Tag Archive: indexing

Seeks, Scans, and Statistics in the Grocery Store

Building an execution plan is a lot like going shopping.  Before I leave the house, I need to think about a few things:

  • How many items do I need? I take a glance at my grocery list to see roughly how many things I’m shopping for.
  • What stores am I going to visit? I can’t get everything from the same store, so I make a list of where I’m going to source everything.
  • Am I in a big store or a small store? The bigger the store, the more likely I’m going to pick up more items that I might not have had on my list.  My guess of what I need might change if I see cool things I’d like to pick up.  The store also might not have everything that I’d like to find.

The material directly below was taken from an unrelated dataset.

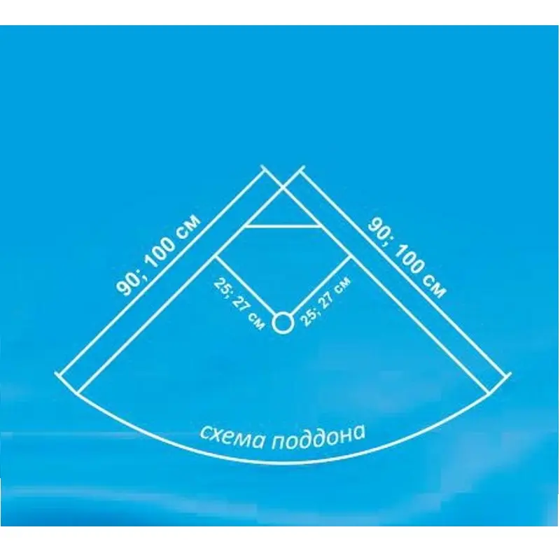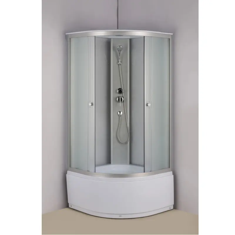 Душевая кабина Водный мир имеет размер 100х100 см. Форма — четверть круга , цвет хром, исполнение полотна двери матовое. Механизм открывания раздвижной.

Armed with this background information, it’s time to make my plan of attack:

  • Which store should I visit first? The order is determined by what I’m shopping for.  I want to visit my butcher or fishmonger first to see what’s fresh and what’s on sale, and then those purchases determine what I get from the grocery store and wine store.
  • In each store, do I need a push cart, a basket, or just my hands? This is influenced by how many items I think I’m going to take to the checkout stand.
  • In each store, will I go to specific aisles for what’s on my list, or just hit all the aisles? If I only need a couple of things, I’ll go directly to those aisles, get ‘em, and walk out.  (When I get rich, I’ll pay the minimart back.)  If I have a huge list, then it makes more sense to start at one side of the store and walk through every aisle, crossing items off my list as I pick ‘em up.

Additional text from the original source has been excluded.